## [Source material]

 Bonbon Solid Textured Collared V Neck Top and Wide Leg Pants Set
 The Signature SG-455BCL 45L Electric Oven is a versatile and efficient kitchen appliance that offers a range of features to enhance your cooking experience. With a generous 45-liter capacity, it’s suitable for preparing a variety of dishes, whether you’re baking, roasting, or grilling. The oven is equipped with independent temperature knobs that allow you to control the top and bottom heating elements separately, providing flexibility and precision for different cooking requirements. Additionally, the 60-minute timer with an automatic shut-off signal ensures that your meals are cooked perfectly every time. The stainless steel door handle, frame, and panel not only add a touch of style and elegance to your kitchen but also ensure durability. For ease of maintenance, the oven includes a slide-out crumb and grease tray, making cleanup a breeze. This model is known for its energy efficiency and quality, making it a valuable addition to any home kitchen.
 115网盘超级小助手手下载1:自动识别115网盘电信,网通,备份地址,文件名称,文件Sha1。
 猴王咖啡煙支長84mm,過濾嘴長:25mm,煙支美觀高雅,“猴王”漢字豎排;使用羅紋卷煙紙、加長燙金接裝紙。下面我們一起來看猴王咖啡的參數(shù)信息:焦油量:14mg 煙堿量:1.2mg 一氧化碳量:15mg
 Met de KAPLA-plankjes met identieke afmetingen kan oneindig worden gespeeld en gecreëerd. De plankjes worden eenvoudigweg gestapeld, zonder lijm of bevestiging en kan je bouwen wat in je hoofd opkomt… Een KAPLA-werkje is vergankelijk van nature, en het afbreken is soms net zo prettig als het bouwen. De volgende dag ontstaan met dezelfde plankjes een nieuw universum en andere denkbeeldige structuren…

--

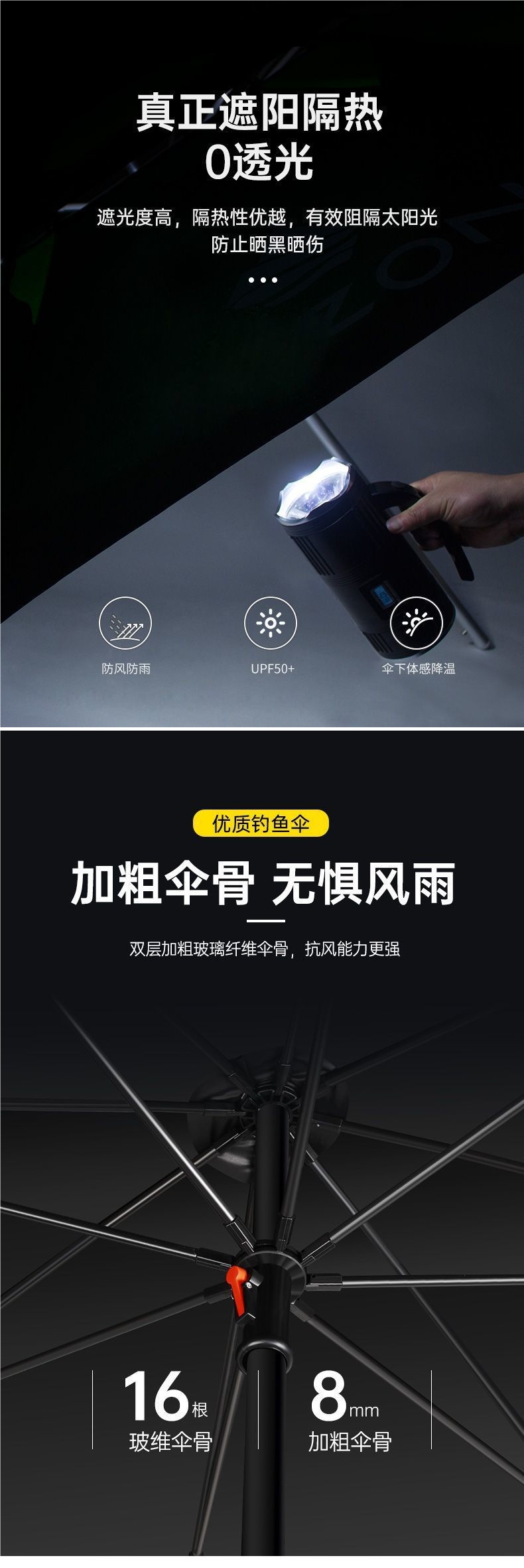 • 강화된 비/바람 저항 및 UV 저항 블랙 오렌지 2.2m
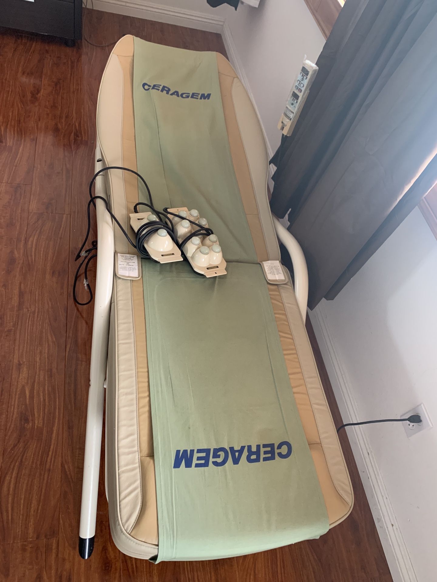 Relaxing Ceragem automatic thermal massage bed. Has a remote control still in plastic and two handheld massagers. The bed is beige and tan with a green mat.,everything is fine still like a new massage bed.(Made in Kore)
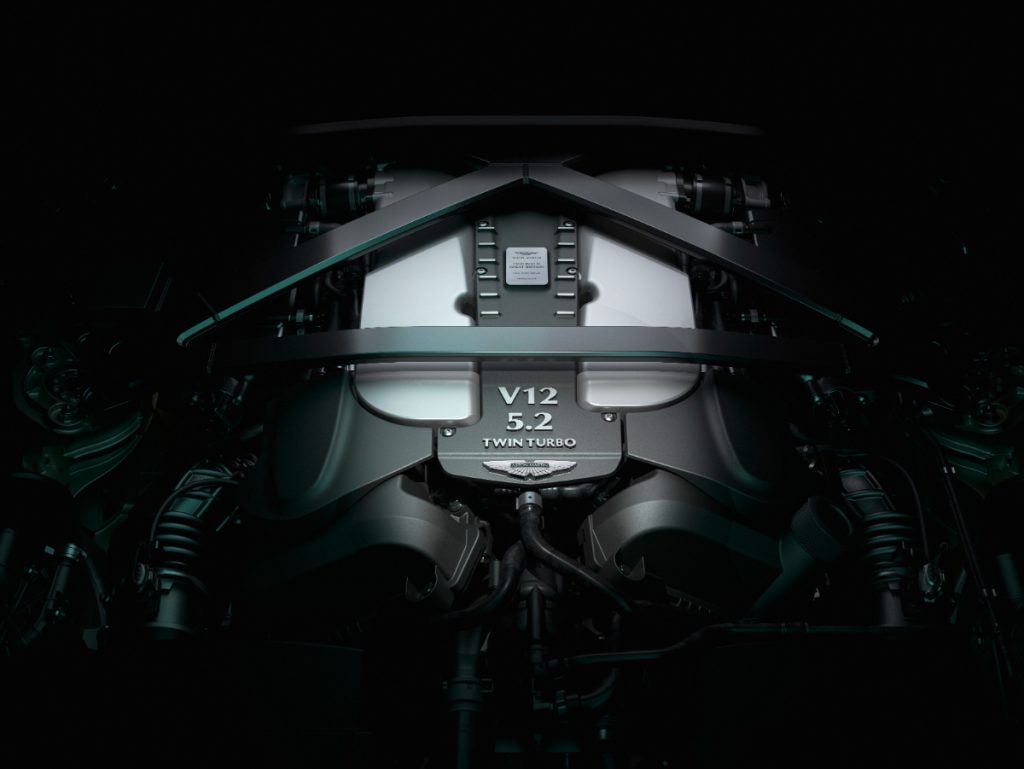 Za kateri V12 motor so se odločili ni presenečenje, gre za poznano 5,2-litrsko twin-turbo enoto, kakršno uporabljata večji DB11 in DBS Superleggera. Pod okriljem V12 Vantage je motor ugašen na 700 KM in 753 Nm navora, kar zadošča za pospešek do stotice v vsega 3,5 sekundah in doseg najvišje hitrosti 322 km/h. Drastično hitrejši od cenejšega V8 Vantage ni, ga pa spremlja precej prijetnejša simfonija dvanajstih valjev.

--

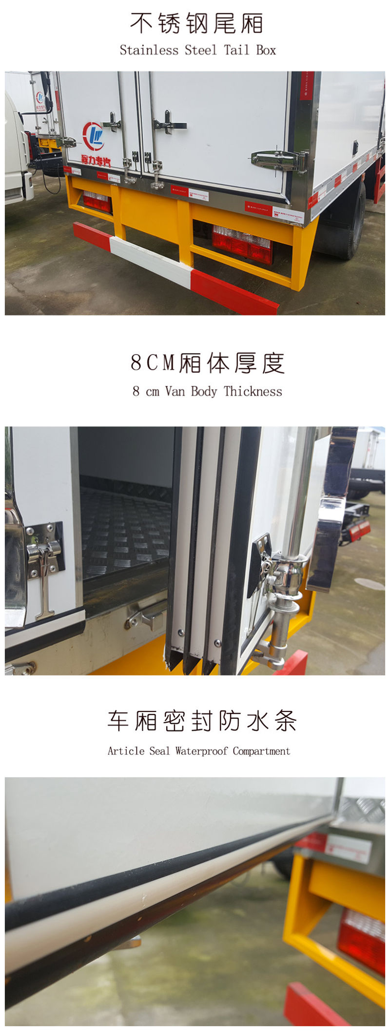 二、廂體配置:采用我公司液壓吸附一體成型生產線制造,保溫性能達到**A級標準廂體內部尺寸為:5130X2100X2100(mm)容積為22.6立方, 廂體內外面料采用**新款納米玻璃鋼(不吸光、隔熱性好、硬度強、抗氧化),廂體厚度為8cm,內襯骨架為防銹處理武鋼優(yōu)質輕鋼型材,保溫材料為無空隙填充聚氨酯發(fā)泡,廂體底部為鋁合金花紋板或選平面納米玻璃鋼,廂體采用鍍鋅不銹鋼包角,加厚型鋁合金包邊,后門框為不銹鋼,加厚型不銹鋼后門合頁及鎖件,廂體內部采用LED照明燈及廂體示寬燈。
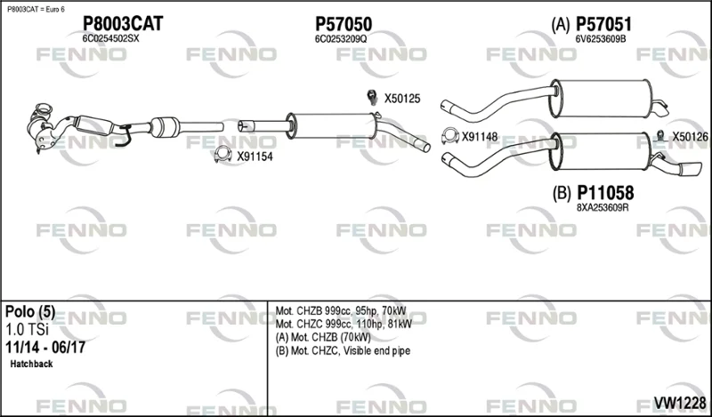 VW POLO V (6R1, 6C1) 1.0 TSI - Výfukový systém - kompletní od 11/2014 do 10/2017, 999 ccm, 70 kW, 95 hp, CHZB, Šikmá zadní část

## [Your instructions]
Line for line, output the entries above from the line with "二、廂體配置:采用我公司液壓" to the line with "VW POLO V (6R1, 6C1)", both included, and nothing more. Skip pictures.

## [Answer to this problem]
 二、廂體配置:采用我公司液壓吸附一體成型生產線制造,保溫性能達到**A級標準廂體內部尺寸為:5130X2100X2100(mm)容積為22.6立方, 廂體內外面料采用**新款納米玻璃鋼(不吸光、隔熱性好、硬度強、抗氧化),廂體厚度為8cm,內襯骨架為防銹處理武鋼優(yōu)質輕鋼型材,保溫材料為無空隙填充聚氨酯發(fā)泡,廂體底部為鋁合金花紋板或選平面納米玻璃鋼,廂體采用鍍鋅不銹鋼包角,加厚型鋁合金包邊,后門框為不銹鋼,加厚型不銹鋼后門合頁及鎖件,廂體內部采用LED照明燈及廂體示寬燈。
 VW POLO V (6R1, 6C1) 1.0 TSI - Výfukový systém - kompletní od 11/2014 do 10/2017, 999 ccm, 70 kW, 95 hp, CHZB, Šikmá zadní část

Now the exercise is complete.